Признаться, тут я с облегчением вздохнул. Еще не хватало ему пять часов про мангустов рассказывать.
– Ну, так вот. Я хочу договориться с вами о некой условности в терминологии. Я буду употреблять слово не “мангуст”, а “мангуста”.
– Почему? – удивился незнакомец.
– Очень просто, – пояснил я. – Для очеловечивания образа. Порой достаточно бывает одной лишней буквы в именительном падеже, чтобы наделить привычное всем существо какими-то новыми, невиданными свойствами. Мангуст – да, это зверек. А “мангуста” уже вызывает вопрос: почему “мангуста”? Но у меня на это тут же готов ответ: потому и “мангуста”, что “мангуста” уже может быть человеком. Хулигански добавленная буква “а” развязывает нам руки и позволяет “мангусте” не только прыгать с ветки на ветку, охотясь на змей, но и переживать, как мы, мечтать, технически оснащаться и даже записывать свои мысли. Хотите есть?
– Нет!! – закричал незнакомец.
– Я так и думал. Ну, нет, так нет. Так вот. Произошло это все во время одного из моих публичных выступлений. Я, как всегда, демонстрировал змею с помощью шнура. Весь день как-то с самого начала сложился удачно, и настроение тогда у меня было превосходным.
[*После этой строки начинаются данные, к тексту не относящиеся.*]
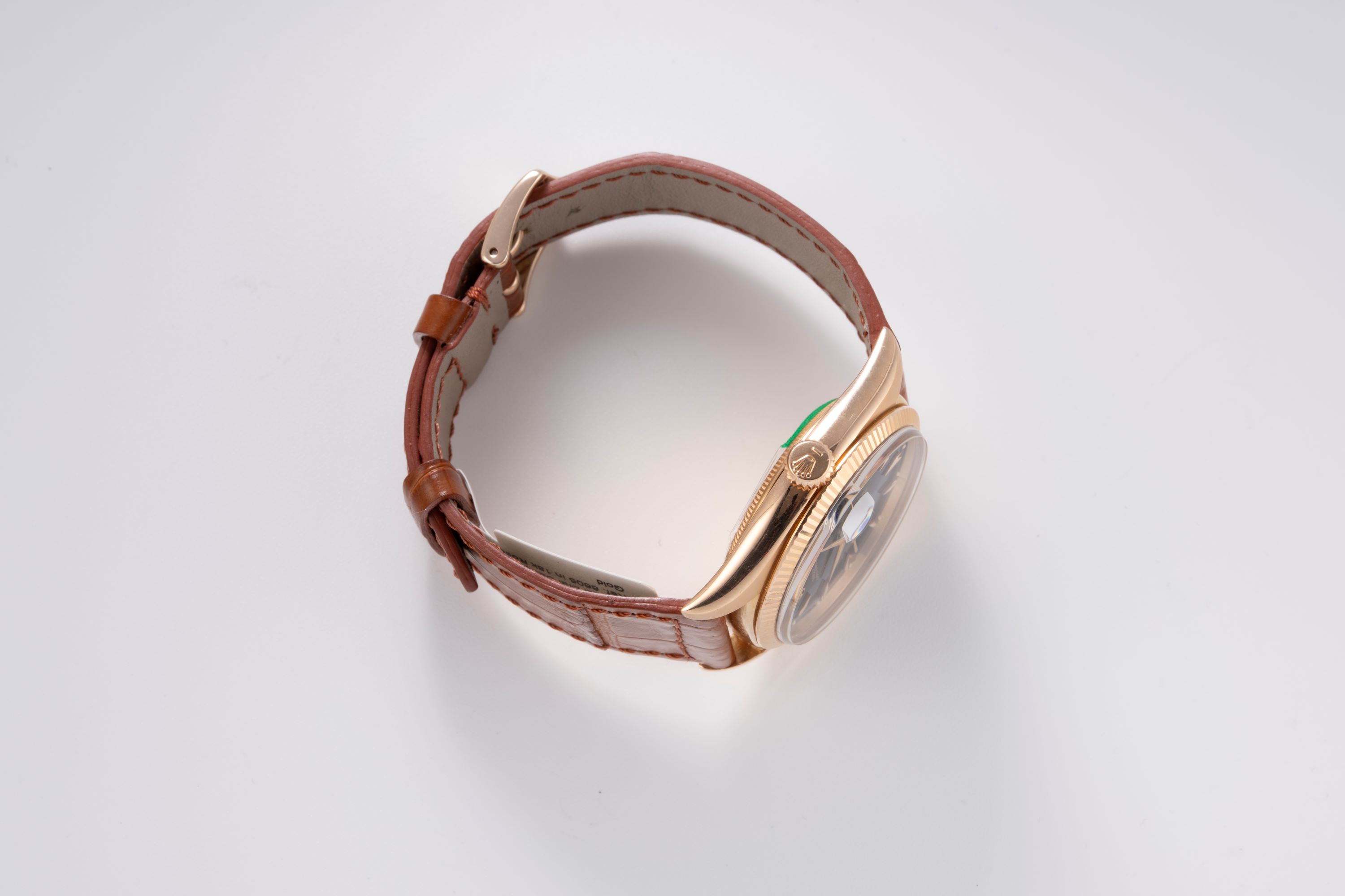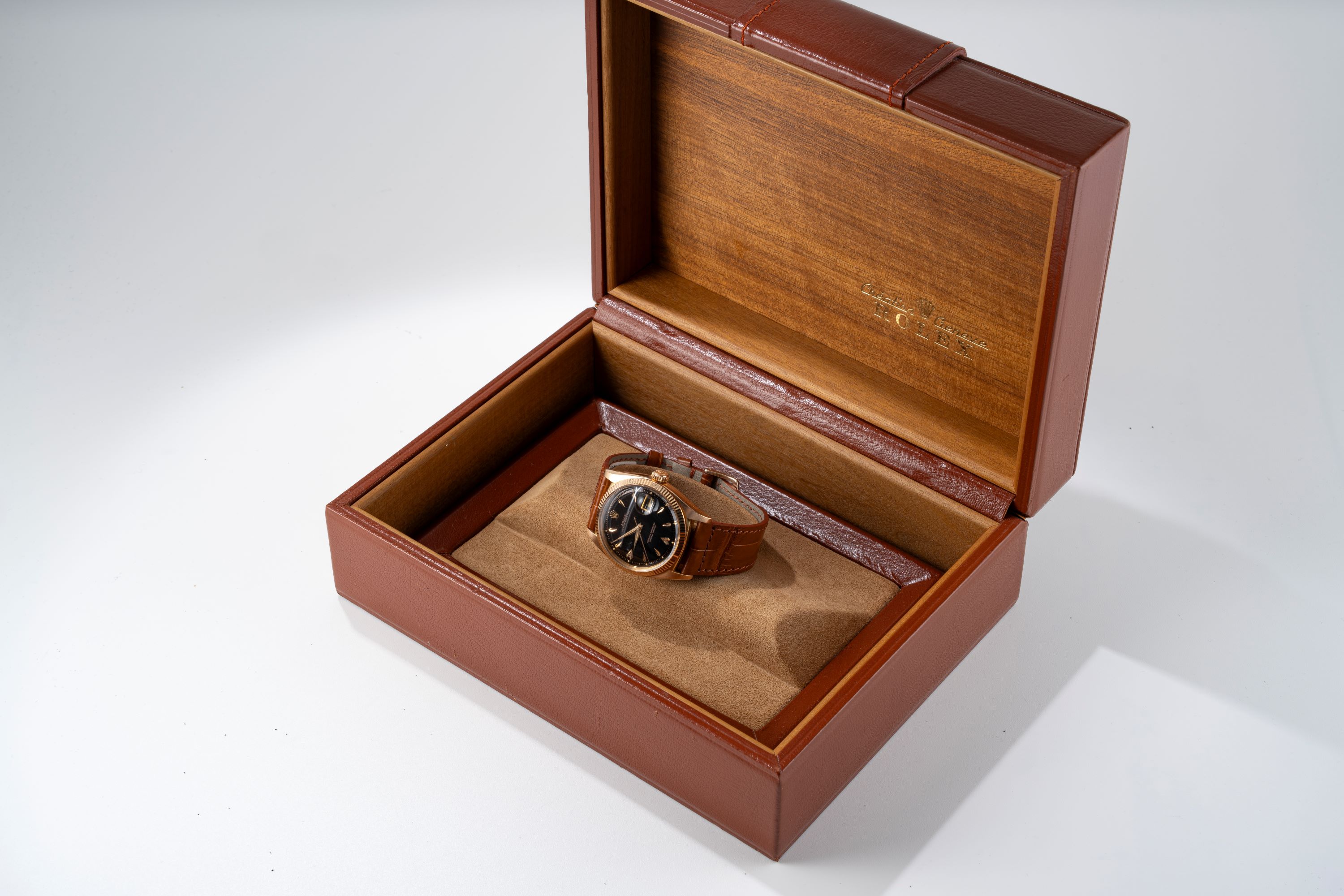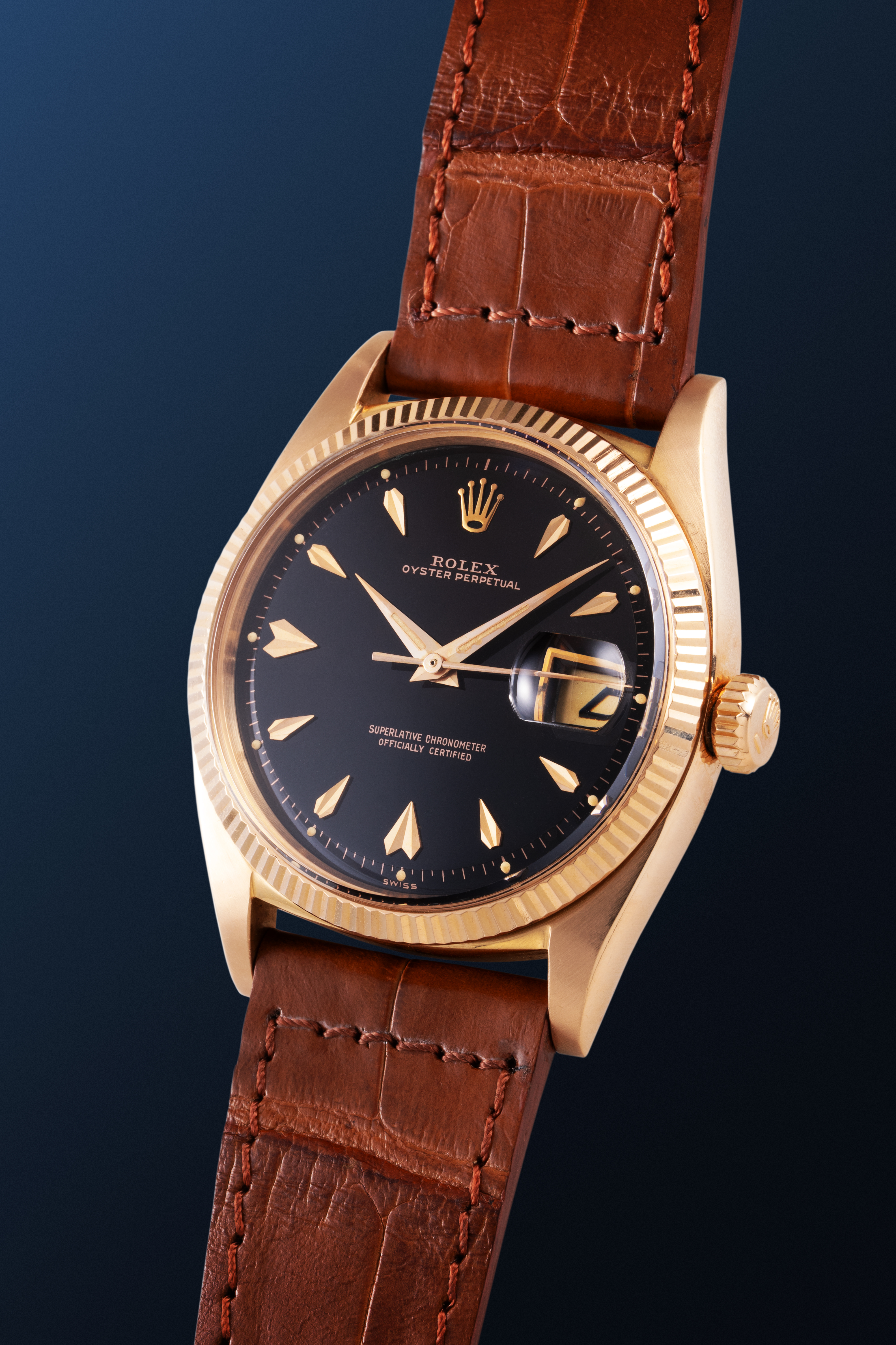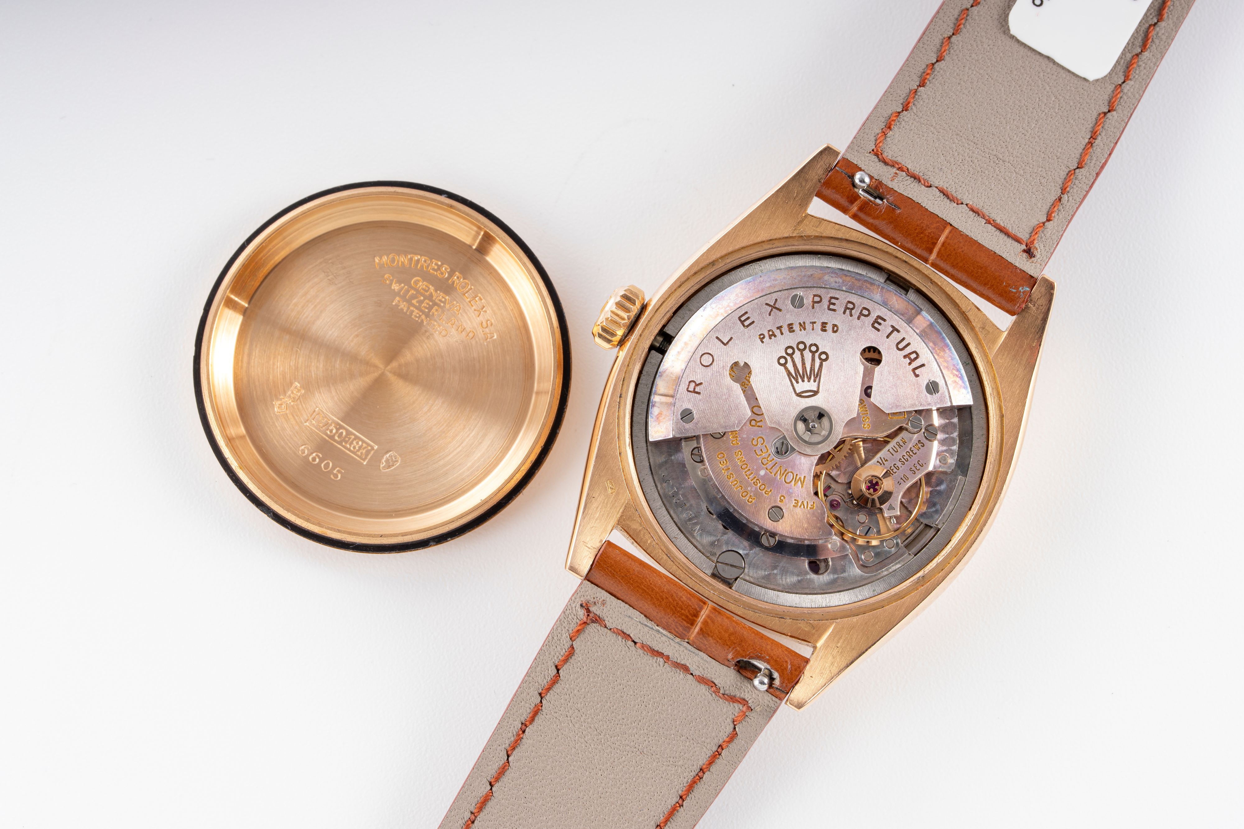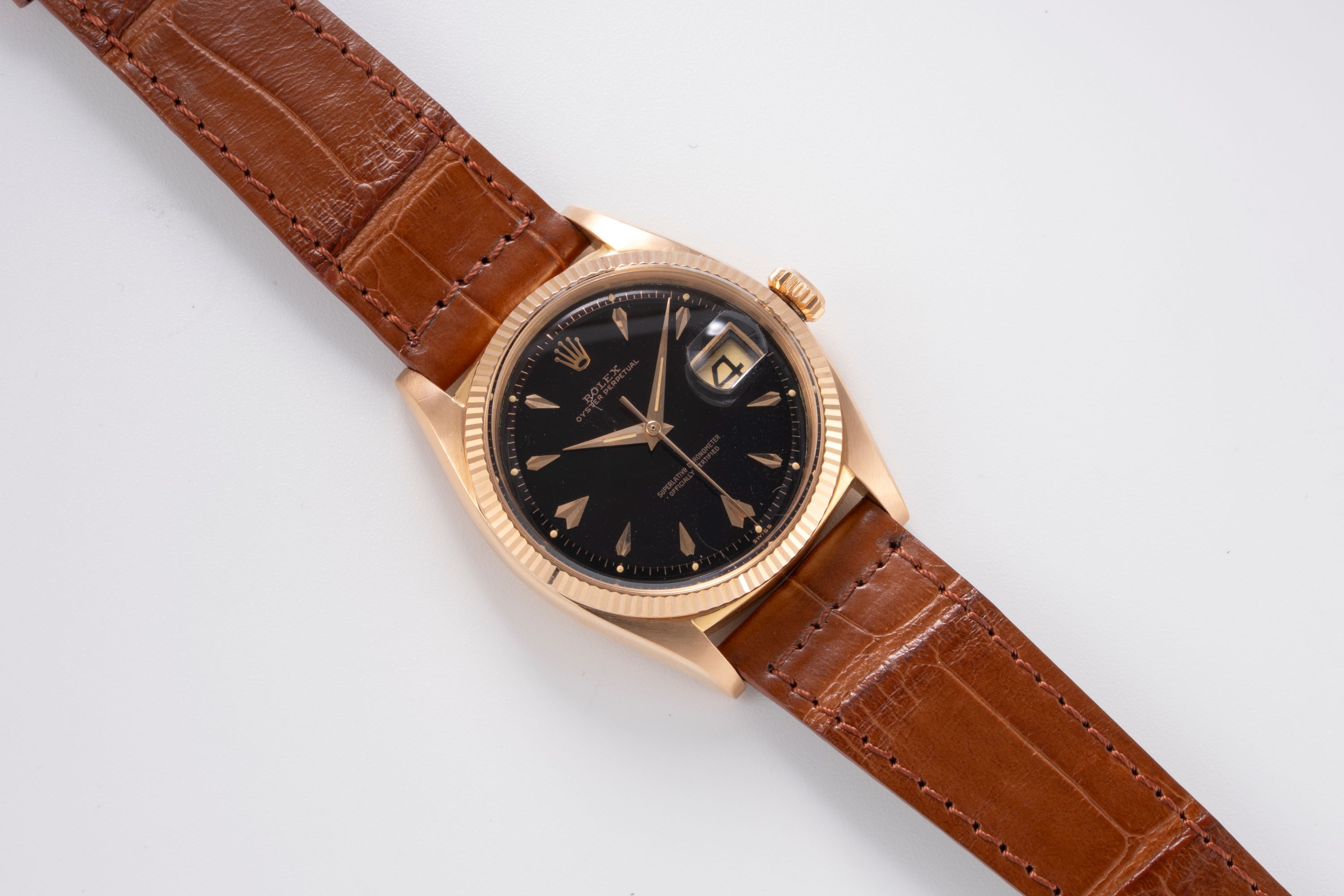 DialBlack lacquer dial with rose gold indices, rose gold hands, date window at 3 o'clock, signed 'Rolex' at 12 o'clock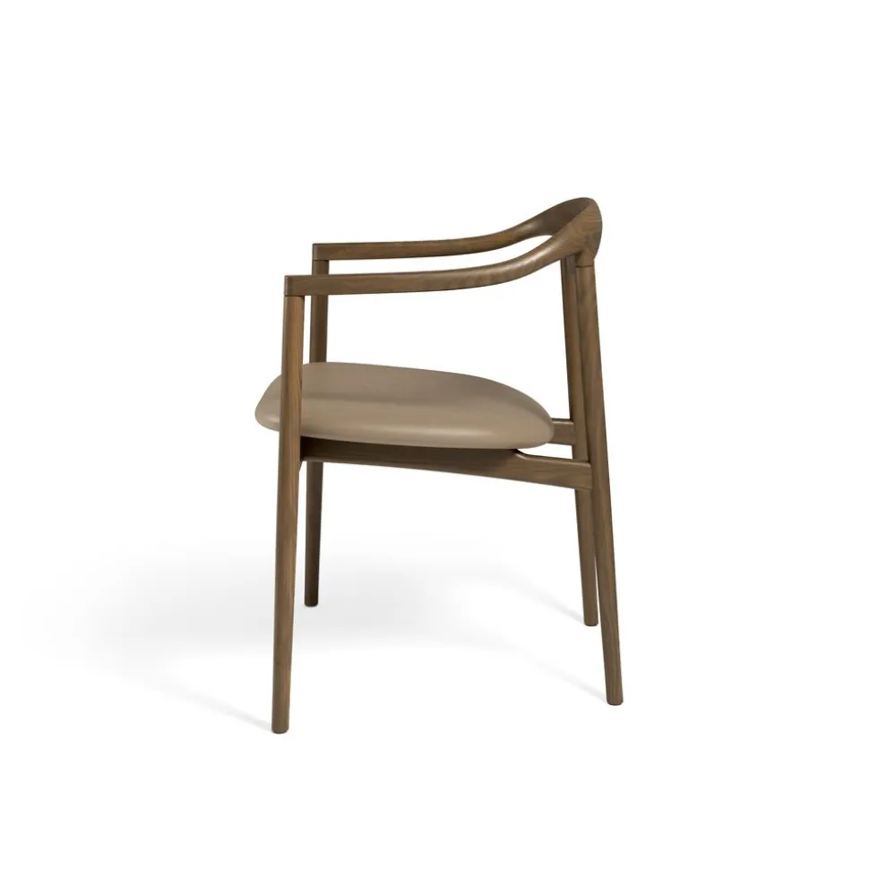 Durch modernes CNC-Fräsen und traditionelle handwerkliche Formgebung und Verarbeitung erhält der Stuhl sein einzigartiges Aussehen. Der Esszimmerstuhl passt perfekt in ein modernes Esszimmer, wo er eine einzigartige Ergänzung der Einrichtung darstellt.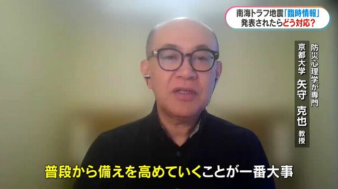 防災心理学が専門の京都大学・矢守克也教授は、災害が起きていない今のうちに臨時情報について理解を深めてほしいと話します。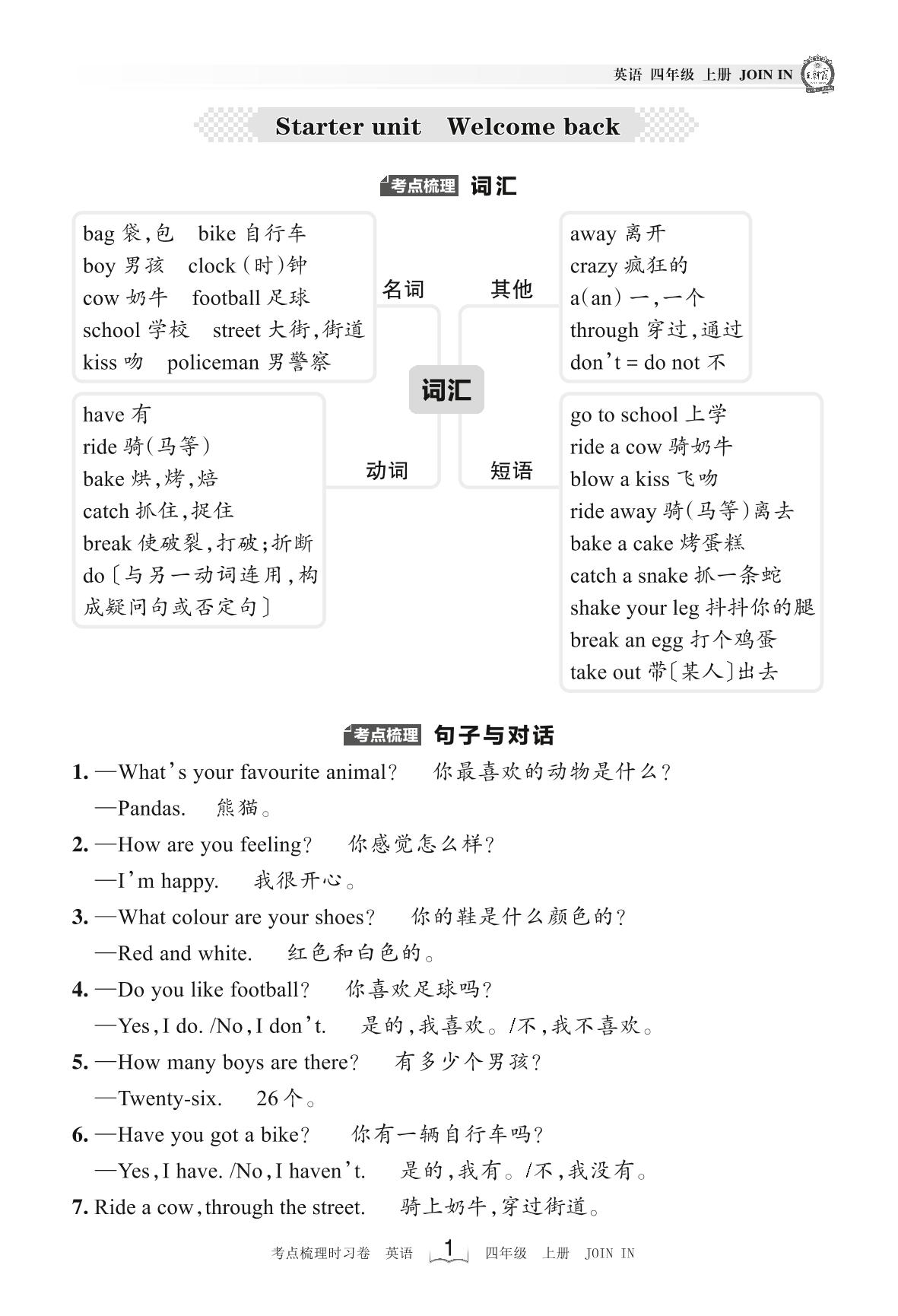 2023上册四年级英语剑桥版 考点梳理手册——Starter unit Welcome back
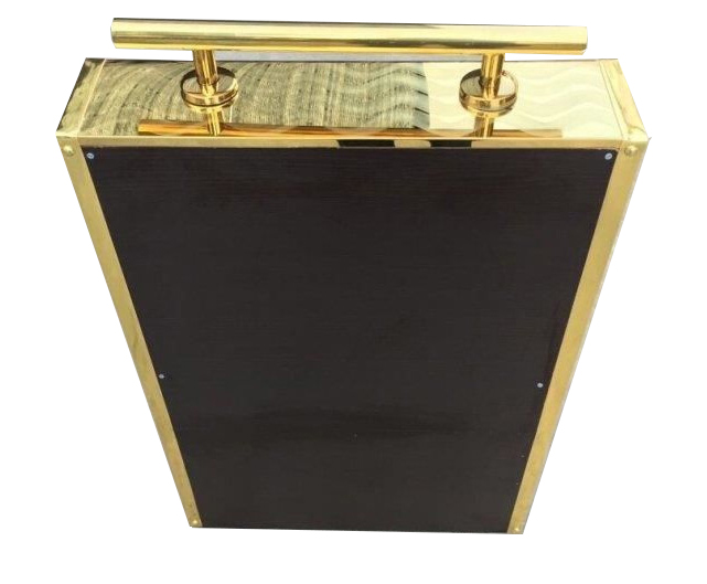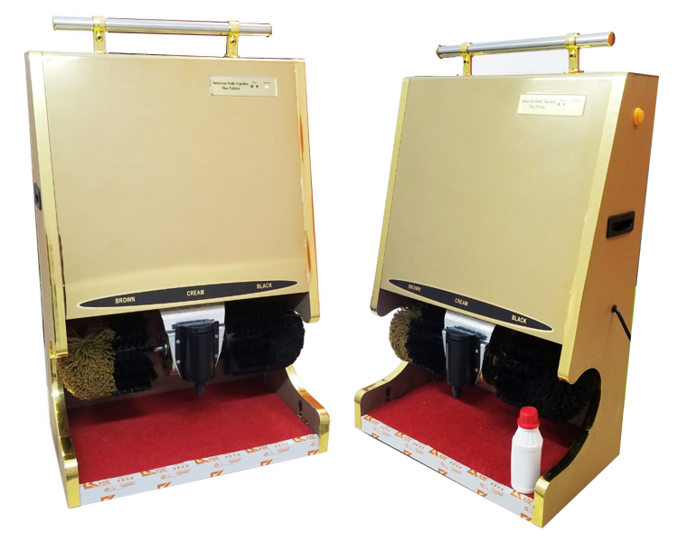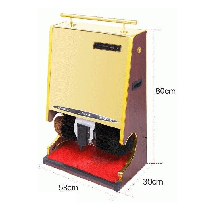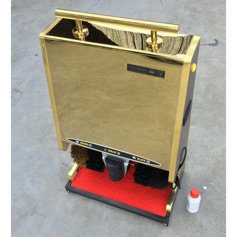 – Phần thân trên của máy đánh giày được thiết kế như một chiếc gương inox màu vàng.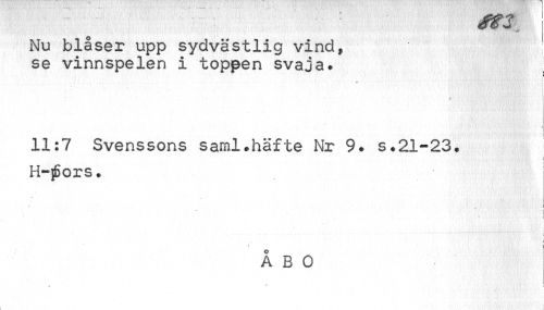 //// MZ //// v //// Nu blåser upp sydvästlig vind, se vinnspelen i toppen svaja. //// p //// i //// ¦ //// i //// i i //// 11:7 Svenssons saml.häfte Nr 9. s.21-23. //// i //// H-j&ors, //// ) i //// i i //// ÅBO ////

Был полон зал. Публика подобралась очень благородная. И осыпала меня аплодисментами до, во время и после каждого выхода со шнуром. А я был в ударе! Я двигал мой прорезиненный шнур удивительно изящно с ровными амплитудами влево и вправо. И та часть шнура, что волочилась, извиваясь, по полу, как никогда напоминала змею. Порой даже сам, абстрагируясь от того, что это были мои собственные импульсы, начинал угадывать в шнуре то гадюку, то кобру, то гюрзу… Вы теперь уже знаете, что такое гюрза. Сегодня читали.
– Да-да, – кивал незнакомец. – Теперь уже знаю. Пожалуйста, продолжайте.
– Ну и вот. В какой-то момент в самой гуще публики, внимающей моим движениям, я вдруг обнаружил пару глаз, совсем не похожих на обычные человеческие глаза. Зеленые, с поволокой и каким-то особенным разрезом. Влево-вправо двигается мой шнур. “Ших-ших!” – скользит по полу, изображая змеиное тело. И в это же время, в точной синхронности с тактами шнура в гуще публики происходило такое же движение, постепенно выделяя тело женщины на фоне пестроты всех кофточек и пиджаков, вееров, шляпок и офицерских шинелей, которые заполнили зрительское пространство. Размашисто, медленно я вывожу рукой ровные амплитуды влево и вправо. Медленно движется и гибкое тело женщины влево и вправо. Но вот я ускорил колебания, доводя их до частоты дрожания освобожденных пружин. Точно такую же пружину я обнаружил и в гуще вопящей публики. А теперь добавьте к этому еще раз зеленые глаза! Добавили?
Незнакомец произнес “да”.
– Представили?
– Представил.
– Хорошо. Вот так мы с ней и познакомились. Я не буду в подробностях описывать встречу у запасного выхода, обмен именами, посиделки в ресторациях и прогулки по мостовой. Все это происходило по обычным канонам ухаживания, узнаваемым и традиционным. Скажу лишь главное. Очень скоро, при нашем полном взаимном понимании, между нами случилась настоящая очень сильная любовь. Которая росла и росла, как хорошо поливаемая гортензия при отсутствии охотников за чужой оранжерейной пленкой. А реальная, живая, гибкая змея, теплоту которой я мог теперь беспрепятственно ощущать, принесла мне столько уверенности и вдохновения, что желающих увидеть мои демонстрационные опыты день ото дня становилось все больше. Ох, как я тогда работал! Знали бы вы! Влево! Вправо! Подтягиваем шнур! Ших! Ших! Ших по полу! Аплодируйте, господа собравшиеся! Вот она какая у меня змея!
– Подождите, – перебил меня незнакомец, – вы сказали “теплоту, которую я мог ощущать…” Но ведь змеи же холоднокровные.
– Что вы несете?! – закричал я. – Что за ерунда?
– Да вы же сами говорили об этом в начале беседы.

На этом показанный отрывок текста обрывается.